═══ Dataset excerpt

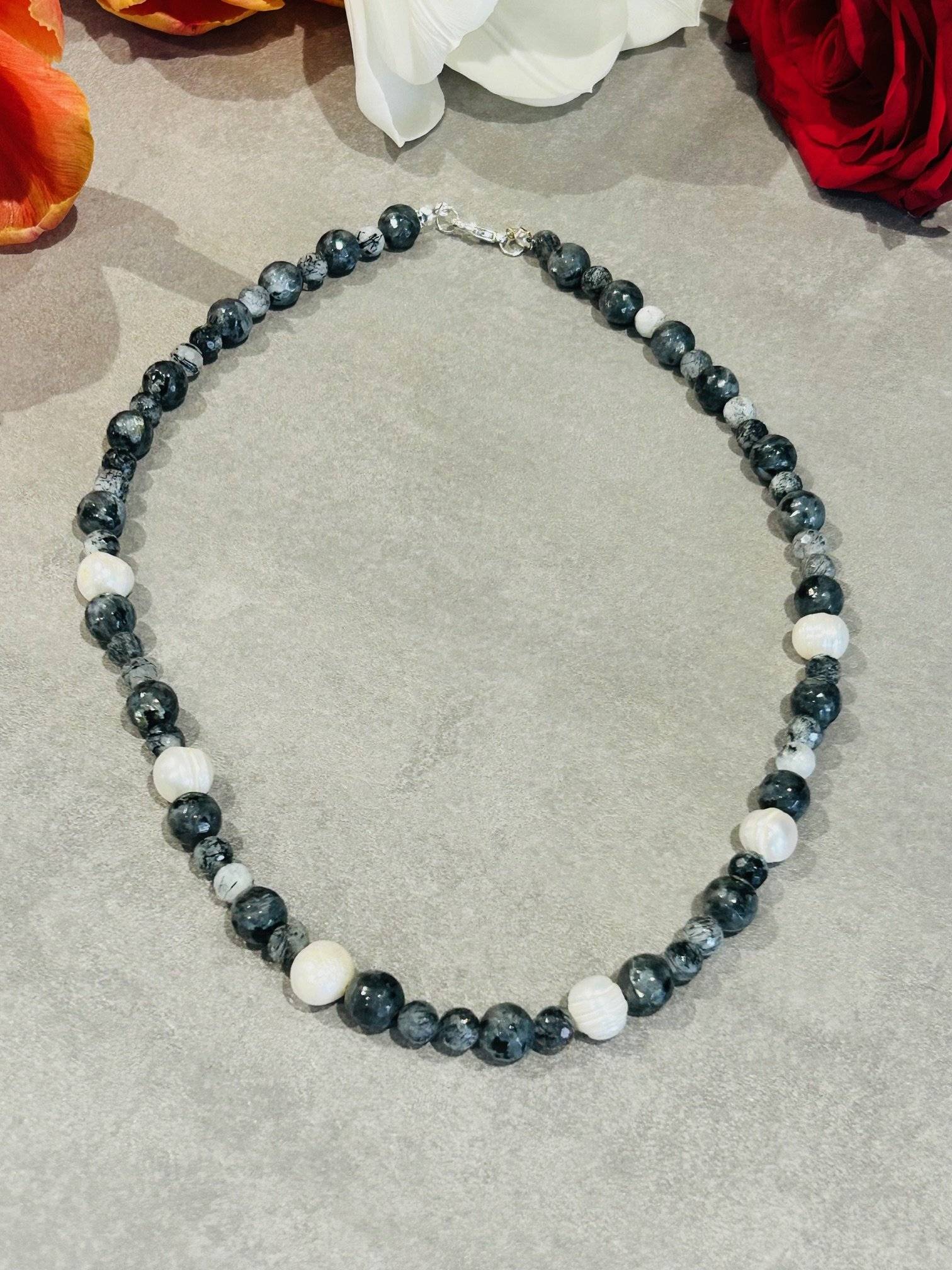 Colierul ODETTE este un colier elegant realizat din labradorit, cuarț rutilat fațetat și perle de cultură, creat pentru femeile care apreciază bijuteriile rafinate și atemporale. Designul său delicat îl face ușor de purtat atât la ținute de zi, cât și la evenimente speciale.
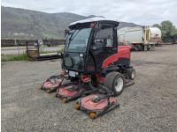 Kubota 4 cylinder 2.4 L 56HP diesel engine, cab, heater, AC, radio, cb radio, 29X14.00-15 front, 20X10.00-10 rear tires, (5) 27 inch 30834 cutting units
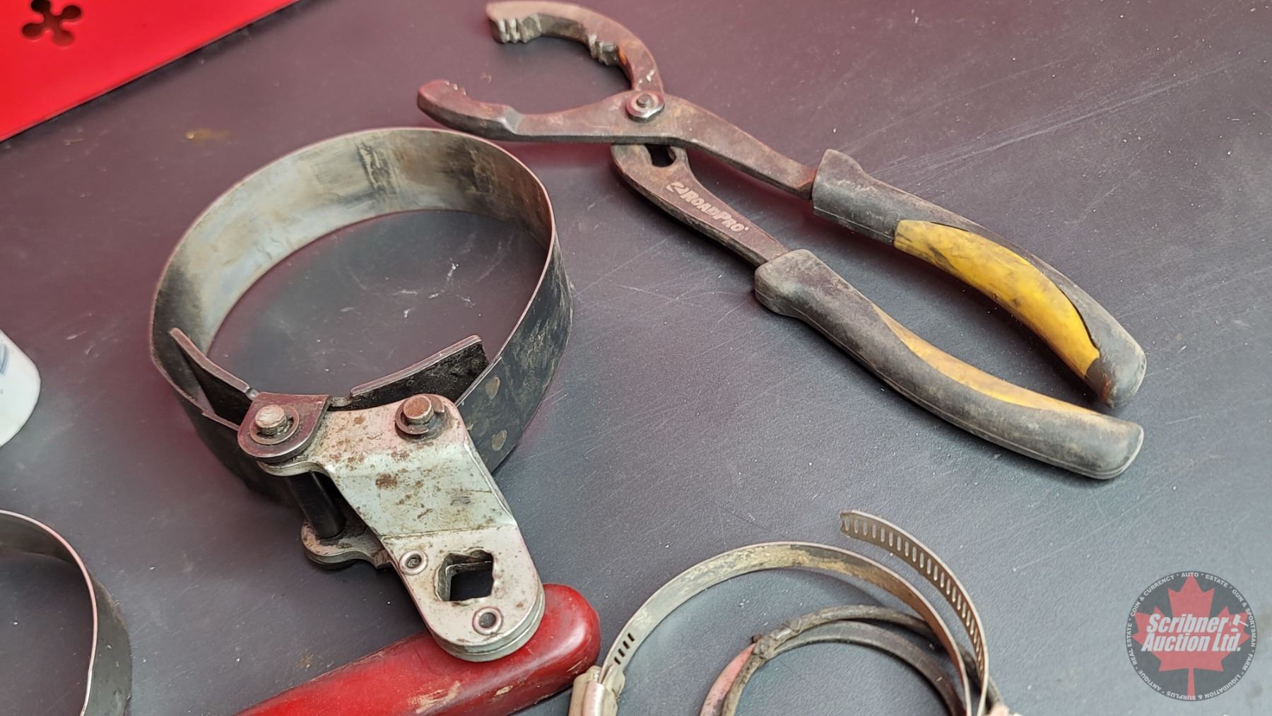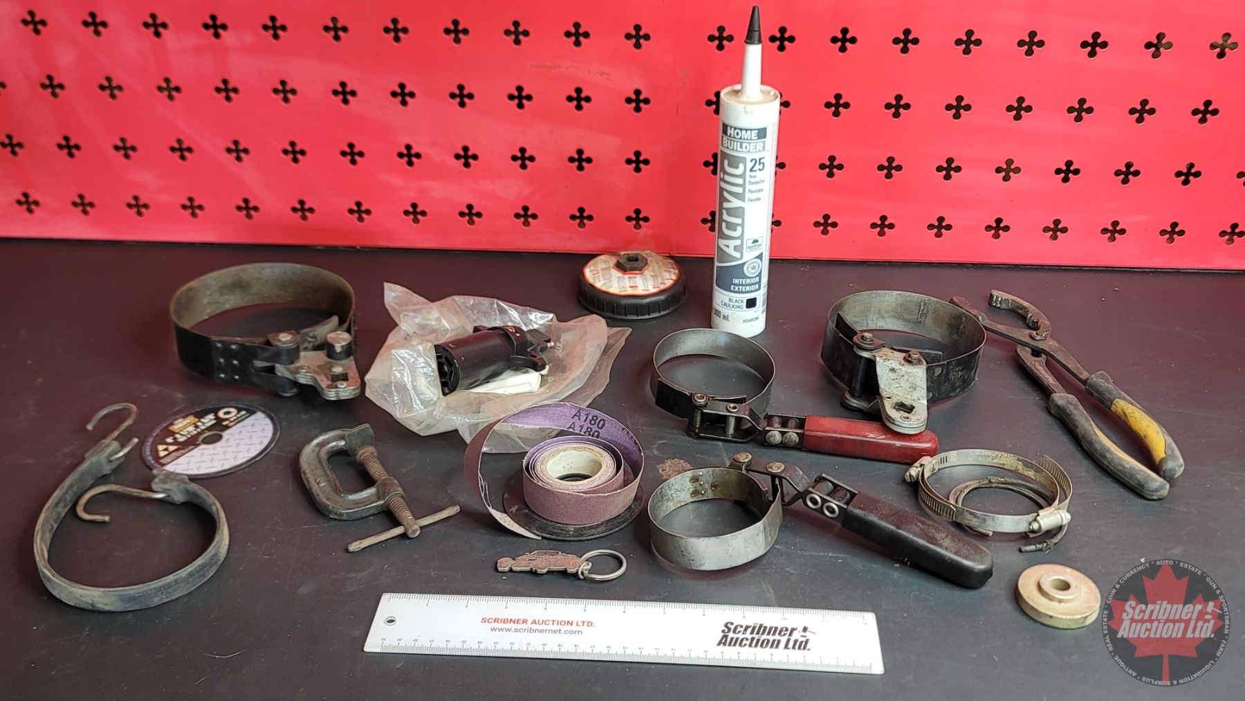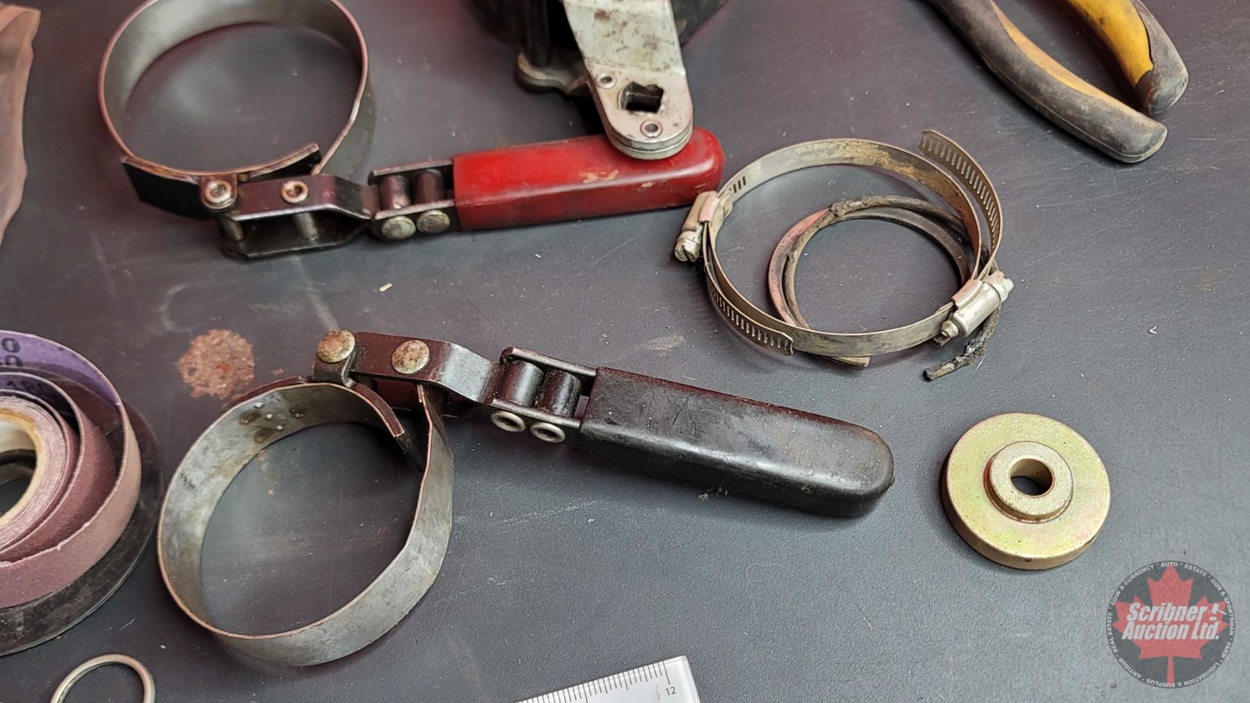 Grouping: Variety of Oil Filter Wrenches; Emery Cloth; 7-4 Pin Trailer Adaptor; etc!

══════

Instructions to follow — Each line of the listing above belongs in the answer exactly as written; the pictures do not.

Your solution —
 Colierul ODETTE este un colier elegant realizat din labradorit, cuarț rutilat fațetat și perle de cultură, creat pentru femeile care apreciază bijuteriile rafinate și atemporale. Designul său delicat îl face ușor de purtat atât la ținute de zi, cât și la evenimente speciale.
 Kubota 4 cylinder 2.4 L 56HP diesel engine, cab, heater, AC, radio, cb radio, 29X14.00-15 front, 20X10.00-10 rear tires, (5) 27 inch 30834 cutting units
 Grouping: Variety of Oil Filter Wrenches; Emery Cloth; 7-4 Pin Trailer Adaptor; etc!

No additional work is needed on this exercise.